Chris felt the restrained energy behind the detective’s calm voice. Detective Nora Hawes wanted Violet back nearly as bad as he and Gianna did. Next to him, stress rolled off Gianna. Even though she sat utterly still, he felt her hang on every word from the detectives. He reached for her hand and she held it in a death grip.

“He opened the door and there was an unconscious bleeding woman on his doorstep. He called nine-one-one and pressed a towel into the wound, expecting a crazed gunman to turn up at any minute. He had no idea who she was.”

“No reports on the vehicle?” Chris asked. He wished Michael were there. He knew how to ask the right questions. Chris was calm, but he didn’t know the ins and outs of police procedure like his brother did. Instead Michael was at the hospital waiting for Jamie to wake up after her surgery and working Violet’s disappearance with his phone.

“Not yet. The weather is still keeping a lot of people at home, so at least there’re fewer vehicles on the roads to watch for.”

No shit. Twice Chris had almost slid off the slushy roads while driving Gianna from the hotel. “That probably means fewer cops on the roads, too. We can’t wait for someone to report a vehicle. We need to know where he would take her.”

Detective Becker nodded, eying him carefully. “We’re giving a lot of weight to the lead that the same guy broke into Gianna’s home and caused the fire at the cabin, but we’re not ruling out anything else.” He paused. “We got an ID on the prints of the second John Doe who was murdered in the Cascades.”

Chris waited, and Gianna gripped his hand tighter.

“Rafael Jones. Age twenty-eight. He’s local. Pretty long history of theft and moving violations. Has spent some time in the county jail, but nothing big-time.”

“Family?” Gianna burst out. “Where’s he work? Where’s he live?”

Detective Hawes held up her hands. “Slow down. We’re looking at all that. As far as we can tell he’s been unemployed for the past two years, but he’s been doing something to pay the bills. No immediate family in the area.”

“Why was he up in the mountains?” asked Chris.

Becker grimaced. “Don’t know yet. Haven’t found anyone who can tell us.”

“This is the guy whose fingerprints turned up on the fridge at the cabin I rented, right?” Gianna asked. “But his prints weren’t found in my home?”

“Correct.”

“He was shot in the head. Almost the same way that my father was. There might be two more people involved that we’re looking for. The shooter and whoever broke into my house.”

She didn’t say it out loud, but Chris knew she worried the shooter had Violet.

“What other leads are you following?” Chris asked. Rafael Jones’s background was a good place to start. It was possible that he was an associate of whoever had Violet.

“We’re still trying to identify some of the other prints from your house. We’re expanding to include more databases, but it can be very slow.”

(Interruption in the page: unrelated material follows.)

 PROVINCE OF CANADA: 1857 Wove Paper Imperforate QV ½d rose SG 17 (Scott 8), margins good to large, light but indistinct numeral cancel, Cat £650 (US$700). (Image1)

Detectives Hawes and Becker exchanged a glance. “Once Lacey Campbell from the ME’s office notified us about the DNA match on the first body, we immediately started digging into everything we could find,” said Hawes. She sat down next to Gianna, meeting her gaze. “So far we’ve been able to confirm that your father’s been living under an assumed identity for a long time. One your uncle appears to have helped him create.”

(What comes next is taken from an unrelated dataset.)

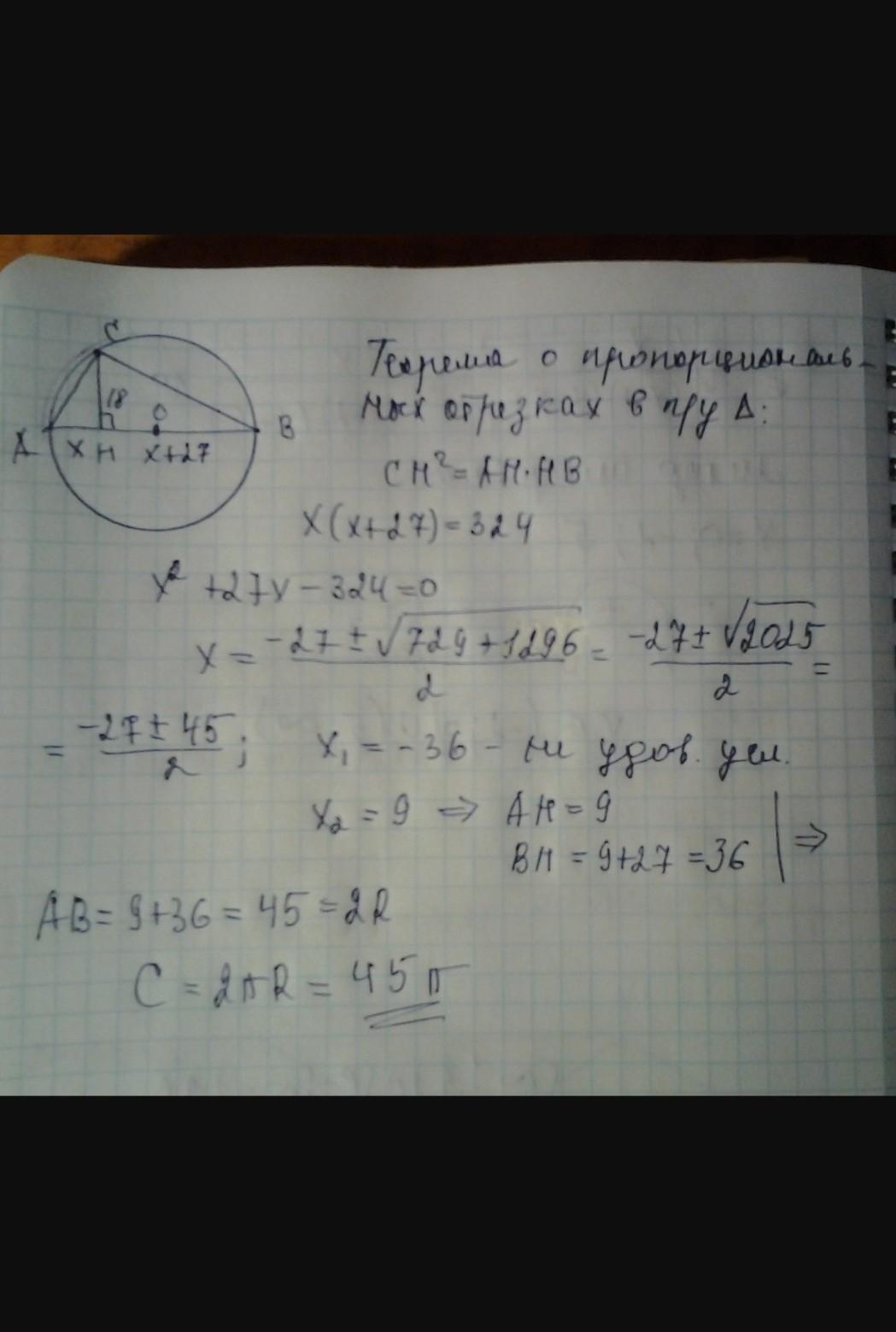 Теорема о пропорциональных отрезках в прямоугольном треугольнике: угол АСВ=90 градусов, как вписанный, опирающийся на диаметр. И применена формула длины окружности

“He thought he was doing the right thing,” Gianna whispered, strain filling her tone.

“I talked to your uncle. He told me the whole story and gave us a few leads to track what your father’s been doing the last few months. He also told me that your father believed he’d been followed lately. Enough to make him go dark when it came to keeping in touch with his brother. There’s a good chance someone tried to hurt you and Violet simply because he is your father.”

Gianna nodded. “Uncle Saul had suggested that. But it makes no sense. I’ve never been in touch with my father. Why try to hurt us simply because of who we are?”